How dojops debug ci identifies root causes from raw CI log output
Which failure patterns the LLM recognizes and how to feed it the right input
How dojops analyze diff assesses risk, cost, and security impact in Terraform plans
How quality check auto-remediation generates targeted fixes with backup preservation
How to use JSON output mode for CI integration and monitoring

Prerequisites

DojOps installed and configured with an LLM provider
A project with DevOps configs (run dojops init first, or use the example repo )

Workshop steps

Step 1: Debug a CI failure — dependency resolution

The most common CI failure pattern is a dependency resolution error.

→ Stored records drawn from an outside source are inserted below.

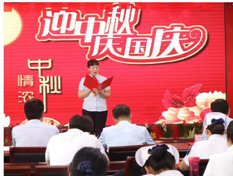
9月29日,漯河柳江医院组织全院医护人员开展以“月圆中秋,抒发爱国情怀”为主题的朗诵比赛。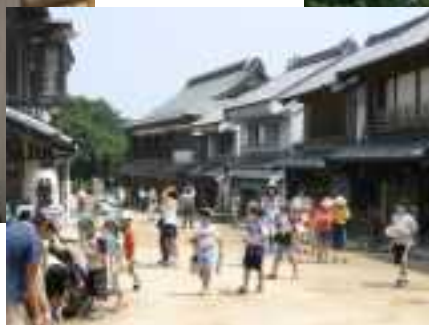
商家の町並みの様子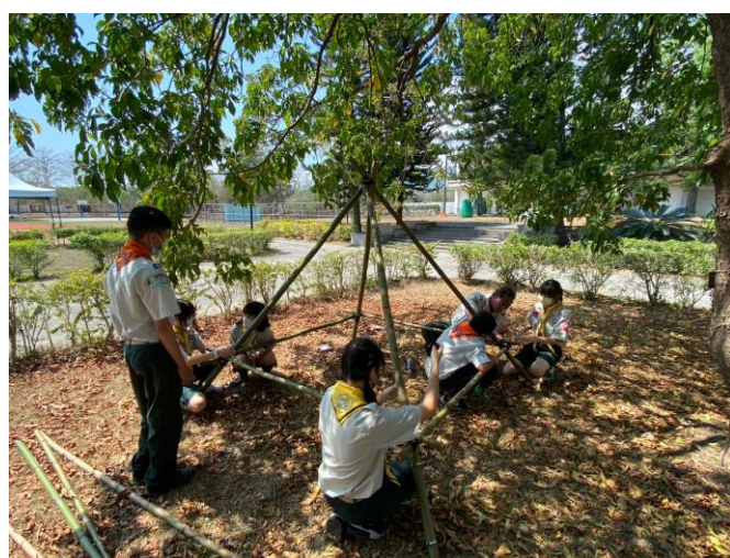
照片說明：實作-餐桌與流理台製作。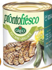
Courgettes grillées 4/4 750 gr Pronto fresco Code 109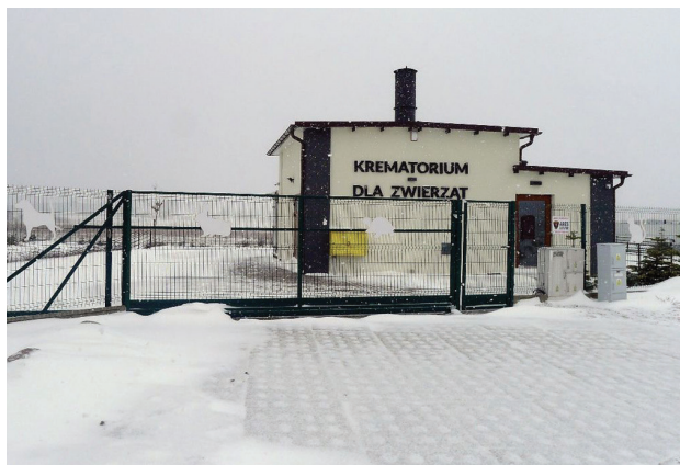
Il. 6. Gdańsk, grzebowisko Zawsze Razem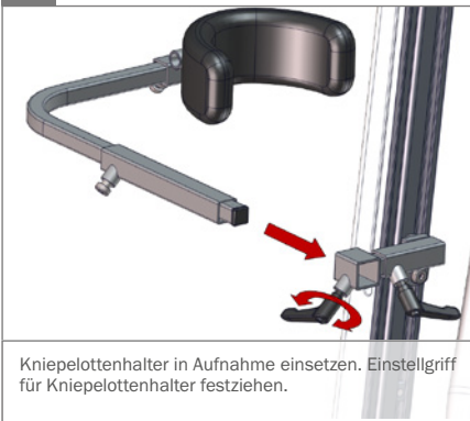
Kniepelottenhalter in Aufnahme einsetzen. Einstellgriff für Kniepelottenhalter festziehen.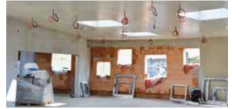
Na Rondelu už se připravuje elektroinstalace

Here’s what it looks like in practice, and how to diagnose it fast.

Paste the error log directly into dojops debug ci:


dojops debug ci "npm ERR! ERESOLVE unable to resolve dependency tree
npm ERR! While resolving: my-app@1.0.0
npm ERR! Found: react@18.2.0
npm ERR! Could not resolve dependency:
npm ERR! peer react@'^17.0.0' from react-beautiful-dnd@13.1.1
npm ERR! node_modules/react-beautiful-dnd
npm ERR!   react-beautiful-dnd@'*' from the root project"


┌  CI Failure Diagnosis
│
│  Error Type:    Dependency Resolution (ERESOLVE)
│  CI Platform:   npm / package manager
│  Confidence:    high
│
│  Root Cause:
│  react-beautiful-dnd@13.1.1 declares a peer dependency on React 17.
│  Your project has React 18.2.0. npm v7+ enforces peer dependencies
│  strictly, so the install fails rather than silently mismatching.
│
│  Options (ranked by recommendation):
│
│  1. Replace react-beautiful-dnd with @hello-pangea/dnd (best)
│     This is the maintained React 18 fork with an identical API.
│     Migration: npm uninstall react-beautiful-dnd
│               npm install @hello-pangea/dnd
│     Change imports: 'react-beautiful-dnd' → '@hello-pangea/dnd'
│
│  2. Use --legacy-peer-deps (acceptable short-term)
│     In your workflow: npm ci --legacy-peer-deps
│     This bypasses the peer check. The package may still work at
│     runtime but you're operating outside the declared contract.
│
│  3. Pin react to 17 (not recommended)
│     This downgrades your entire app to React 17.
│
│  CI Fix (immediate):
│  Add to your workflow install step:
│    run: npm ci --legacy-peer-deps
│
└  Diagnosis complete

The diagnosis explains why the failure occurred, not just what failed. Option 1 is the right long-term fix. Option 2 unblocks CI while you plan the migration. The distinction matters — --legacy-peer-deps is a debt you’ll pay later.

Step 2: Debug a CI failure — TypeScript compilation

Type errors in CI are noisier than they look. The raw output contains file paths, line numbers, and error codes — the LLM extracts the signal.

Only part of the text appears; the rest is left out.